A relatively successful surgical procedure in terms of achieving weight loss in the morbidly obese, it has long been associated with post-operative personality and mood changes (ie 7, 8) and, of course, the surprisingly common ‘bariatric divorce’ (ie 9). Very recently, a new avenue of research has opened up; an association has been found between bariatric surgery and an increased risk of epilepsy (10), predominantly focal epilepsy (11).
The fact that this association held after major confounders had been filtered out, occurred with different kinds of bariatric surgery and was maintained after other epileptogenic insults (ie stroke), suggests that surgery was indeed causative. And it is to do, I think, with the relationship between diet and seizure threshold.
Bariatric surgery works primarily by enforcing reduced food intake, which is not in itself a bad thing. However, when you scan the pre- and post-surgery diets recommended by mainstream institutions (ie 12) you see they are generally low volume, low calorie, low carb and almost devoid of prebiotic fibers. The colonic microbiota must therefore shift away from gram-positive saccharolytic microbes, which produce butyrate, towards proteolytic and bile-resistant species (ie 13, 14) which are predominantly gram-negative and intrinsically pro-inflammatory (ie 15).
Butyrate, a short chain fatty acid with pronounced anti-inflammatory effects in the gut, central nervous system and other tissues (16-18), is intimately involved in epilepsy. By inhibiting the enzyme histone deacetylase it increases the acetylation of histones (and other proteins), an epigenetic mechanism which results in improved neuronal energetics, health and survival (19), significant anti-ageing effects (20-22), reduced neuroinflammation (22) and distinct anti-epilepsy benefits (23-25).
Conversely, intestinal inflammation reduces the effectiveness of antiepileptic drugs (26, 27), lowering the seizure threshold and making seizures more likely.
Diet-induced microbiotal shift leading to reduced butyrate synthesis therefore emerges as a plausible link between bariatric surgery and clinical epilepsy.
The studies cited above are mostly pre-clinical, but there is clinical evidence as well. A pro-inflammatory (dysbiotic) microbiota has been linked to drug-resistant epilepsy (28, 29), and has been found to predict the onset of epilepsy in children (30).
There is an apparent paradox here.
The diet best known to raise the seizure threshold is not the high fiber diet but the low fiber ketogenic diet, low calorie versions of which have also been shown to be helpful in multiple sclerosis (31) and Alzheimer’s (32). The ketogenic diet has a significant impact on the microbiota (33), and reduces butyrate-producing saccharolytic species such as bifidobacteria dramatically (33, 34).
But there is a work-around. During ketosis, the liver produces the ketone bodies acetoacetate, acetone – and butyrate. And here is another; the ketogenic diet reduces the population of intestinal pro-inflammatory Th17 cells (33), pro-inflammatory Group 3 innate lymphoid cells (35), the production of pro-inflammatory mediators (33), and therefore neuro-inflammation (36).
What does this mean in practical terms?
Dietary or any other factors which cause intestinal inflammation are likely to drive neuroinflammation (27-38) and neuroinflammation appears to be a significant driver for epilepsy (37). On the balance of evidence, and given the importance of the gram-positive saccharolytic species, a ketogenic diet with added prebiotic fibers might produce additive or supra-additive benefits in terms of seizure control and gut health. I would add omega 3 HUFA’s (38) with a pinch of polyphenols for luck (39), in the form of Balance Oil.
One key component of epilepsy is oxidative/nitrosative stress (OXNOS), which overlaps with neuroinflammation (40). OXNOS is also a driver in Parkinson’s Disease (41), which gives me the opportunity to refer back to my favourite Parkinsonian patient. The one whose irreversible condition reversed (42).

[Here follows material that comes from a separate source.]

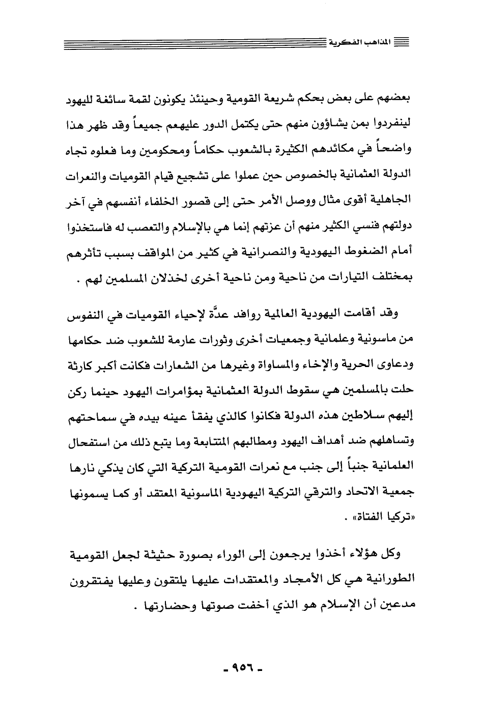 بعضهم على بعض بحكم شريعة القومية, وحينئذ يكونوا لقمة سائغة لليهود؛ لينفردوا بمن يشاءون منهم حتى يكتمل الدور عليهم جميعًا, وقد ظهر هذا واضحًا في مكائدهم الكثيرة بالشعوب حكامًا ومحكومين, وما فعلوه تجاه الدولة العثمانية بالخصوص حين عملوا على تشجيع قيام القوميات والنعرات الجاهلية أقوى مثال, ووصل الأمر حتَّى إلى قصور الخلفاء أنفسهم في آخر دولتهم, فنسي الكثير منهم أن عزَّتهم إنما هي بالإسلام والتعصُّب له, فاستخذوا أمام الضغوط اليهودية والنصرانية في كثير من المواقف بسبب تأثرهم بمختلف التيارات من ناحية, ومن ناحية أخرى لخذلان المسلمين لهم.

After 3 years of the Health Protocol, which amongst other things reduces OXNOS (43, 44) and neuro-inflammation (42, 45) and recreates a pre-transitional anti-inflammatory microbiota (46-51), his anosmia, the first symptom to emerge and the last to fade, has finally disappeared. He can once again smell the coffee, fresh sawdust (he is an expert wood worker) and the rising panic of his neurology consultant, a prominent fellow whose pharmaceutical expertise has left him staring at shadows of shadows on the cave wall.
With every such joyous case the limitations of the currently hegemonic medical model become clearer, and the need for reform more urgent.
Finally, the gut-brain connection can go wrong in both directions. There appears to be a reverse kind of gut-brain short-circuit, namely abdominal or autonomic epilepsy. Although the condition is not well understood, it has been suggested that epileptic activity in the hypothalamus might trigger gastrointestinal symptoms via the vagus nerve. It is rare, mostly affects children and responds reasonably well to anticonvulsants (52).
While this is yet another condition that likely responds to appropriate pharmaco-nutritional intervention, children in particular should be provided with rapid relief of pain and suffering. I can bore for Britain about nutritional issues, but there will always be a role for pharmaceuticals. While their effects are generally limited to the suppression of symptoms, their rapid onset of action is clinically important.
Next week: How to take a hit, and keep a clear head.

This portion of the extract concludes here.